In today's issue of The Daily, Statistics Canada has released a terrific study titled "The Role of Natural Resources in Real Income Growth". The paper's authors are John Baldwin and (former UVic. grad. student) Ryan McDonald. (H.T. to Ryan for bringing this to my attention.)
The study itself is extremely comprehensive, and provides some interesting new results about long-term economic growth in Canada. You can download the pdf version from here.
"This study compared the growth in real GDP per capita with real GNI per capita between 1870 and 2010. During this period, a succession of natural resource products supported economic development and long-term increases in the terms of trade.
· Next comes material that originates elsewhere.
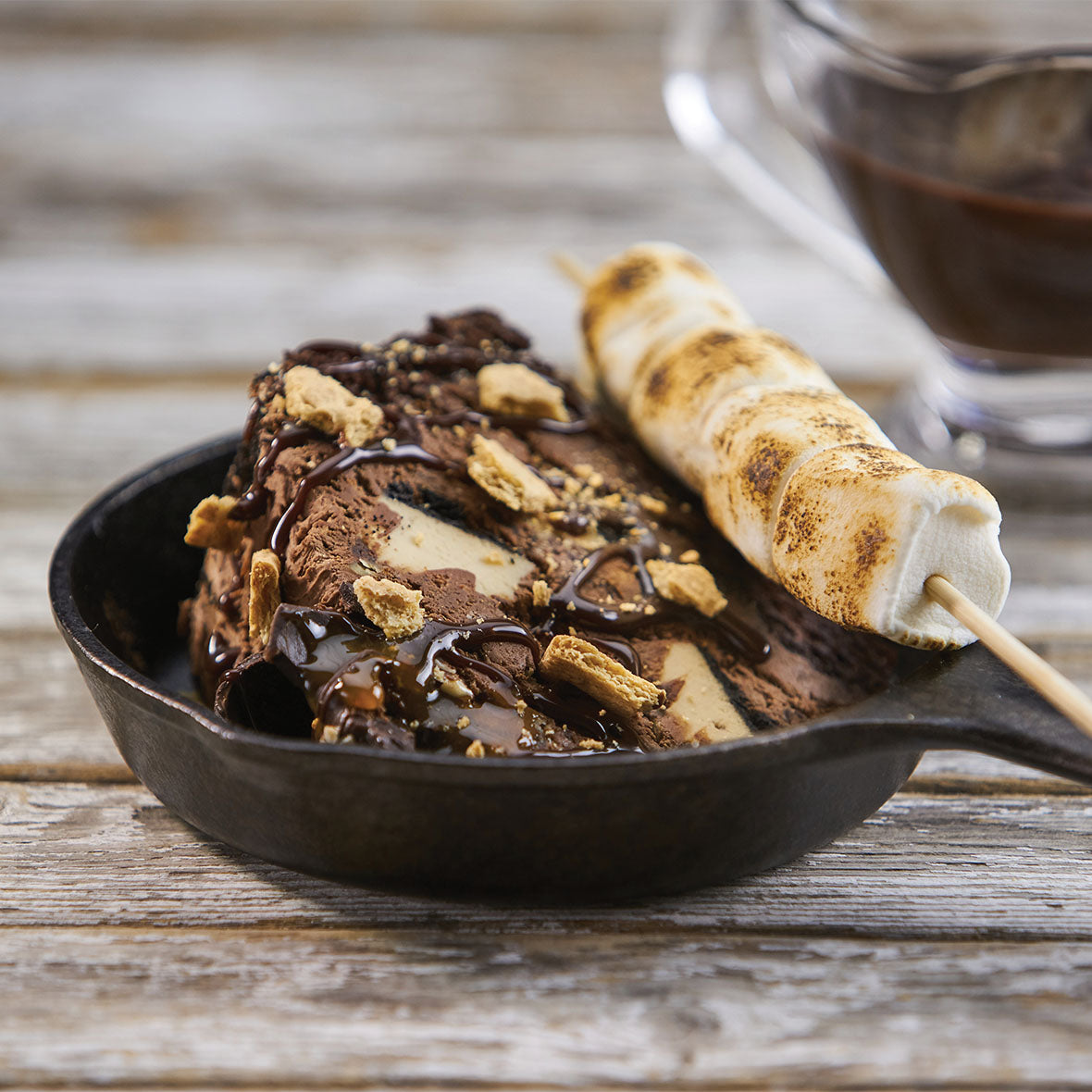 A decadent chocolate cake shell cradles a molten eruption of chocolate mousse, studded with crunchy nuts, rich chocolate chips, and indulgent turtle cheesecake cubes. Finished with a flourish of chocolate curls, toasted almonds, and a cascade of golden caramel from its ooey-gooey center—it’s an unforgettable dessert experience that dares to go all in.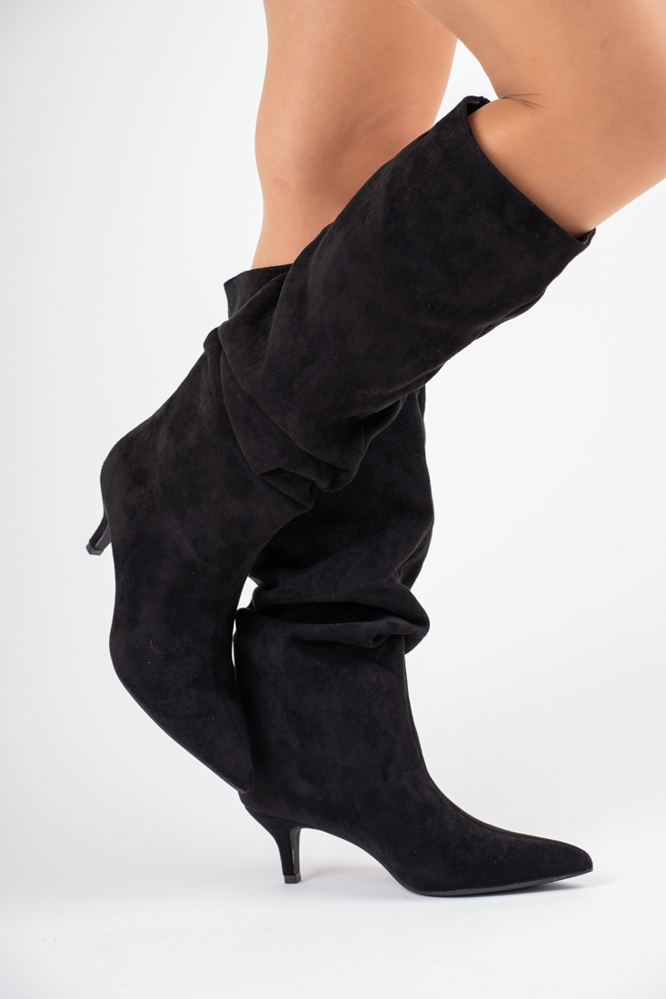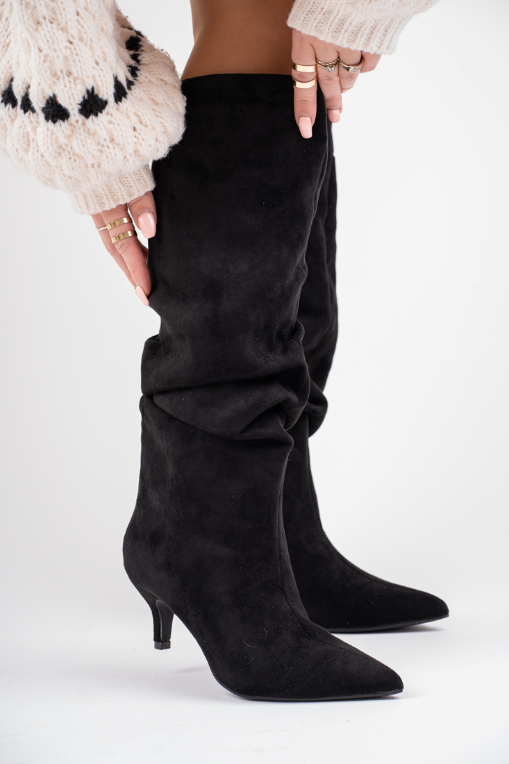 Czarne zamszowe kozaki damskie na niskiej szpilce

According to the study, real GDP and real GNI have shown different pictures of economic growth in Canada during particular periods because of the effect of resource price cycles. For example, between 2002 and 2007, real GNI per capita increased at an annual average rate of 3.1%, nearly double the 1.6% annual rate in GDP per capita.
This study also showed that although the terms of trade had cycles, there was a long-run upward trend. While increases in terms of trade were followed by decreases, the decreases were not sufficiently large to fully undo the effect of most of the gains. By 2010, this had generated a cumulative increase in the terms of trade of more than 90%. As a result, between 1870 and 2010, real GDP per capita grew at 1.87% per year, 0.12 percentage points slower than the 1.99% growth in real GNI per capita."
What's also really exciting (from my perspective) is that all of the data, for the period 1870 to 2010, can be downloaded free of charge from CANSIM . See Tables 383-0027 and 383-0028. (Choose Add/Remove Data, and then select the longest time-period.)
I've loaded the data into EViews and I'll be playing around with the series over the next few days - between grading exams!